A stronger dollar and weaker demand in its major trading partners will cut into U.S. growth through 2016, the International Monetary Fund said in a new survey Tuesday, while the forecast is a bit sunnier for Europe and Japan.

Going into this week’s annual spring meetings of the IMF and World Bank in Washington, IMF economists now predict that the American economy will grow 3.1 percent this year and next, down from January’s forecast of 3.6 percent growth in 2015 and 3.3 percent growth in 2016.

Global growth is projected to hit 3.5 percent in 2015 and 3.8 percent in 2016, which is essentially the same as last year’s numbers. But the overall uptick in global output marks some troubling trends among developing economies.

Growth forecasts for most emerging and developing economies are projected to slump. Growth is projected to slow from 4.6 percent in 2014 to 4.3 percent in 2015.

“A number of complex forces are shaping the prospects around the world,” said IMF Director of Research Olivier Blanchard. “Legacies of both the financial and the euro area crises — weak banks and high levels of public, corporate, and household debt — are still weighing on spending and growth in some countries.
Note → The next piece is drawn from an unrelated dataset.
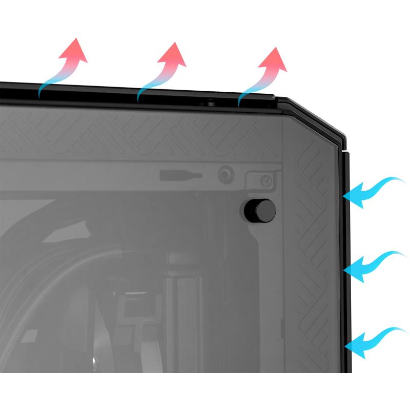 OPCIONES DE REFRIGERACIÓN: En el interior de Hummer TGF es posible instalar sistemas de refrigeración líquida con radiadores de 240 mm o 280 mm en el panel frontal y superior o de 120 mm o 140 mm en el panel trasero.

Low growth in turn makes deleveraging a slow process.”

Mr. Blanchard also noted that the combination of aging populations, lower investment and sluggish advances in productivity mean greater headwinds for many countries.

“More subdued growth prospects lead, in turn, to lower spending and lower growth today,” he said.

Global growth in 2015 will come by way of a rebound in growth from advanced economies — forecast to increase from 1.8 percent last year to 2.4 percent this year

The growth is expected to be buttressed by the decline in oil prices. Oil prices are projected to decline further still in the event a nuclear deal is struck between the U.S. and Iran. An agreement could result in a lifting of sanctions against Iran and a major surge in supply on global markets. 

Economic conditions in developing economies and fledging economies, the survey found, are highly variable and react more sensitively to external conditions than in developed economies. 

The oil price declines, for example, will sharply slow growth for oil exporters, especially those that also face difficult initial conditions. 

Growth in Latin America countries will continue to weaken due to lower commodity prices. Brazil’s outlook is also affected by a drought, tighter macroeconomic policies and weak private-sector sentiment.

The fund expects Japan to grow 1 percent this year and 1.2 percent next year, versus an earlier forecast of 0.6 percent this year and 0.8 percent in 2016. The Japanese economy shrank 0.1 percent in 2014.

— This story was based in part on wire service reports.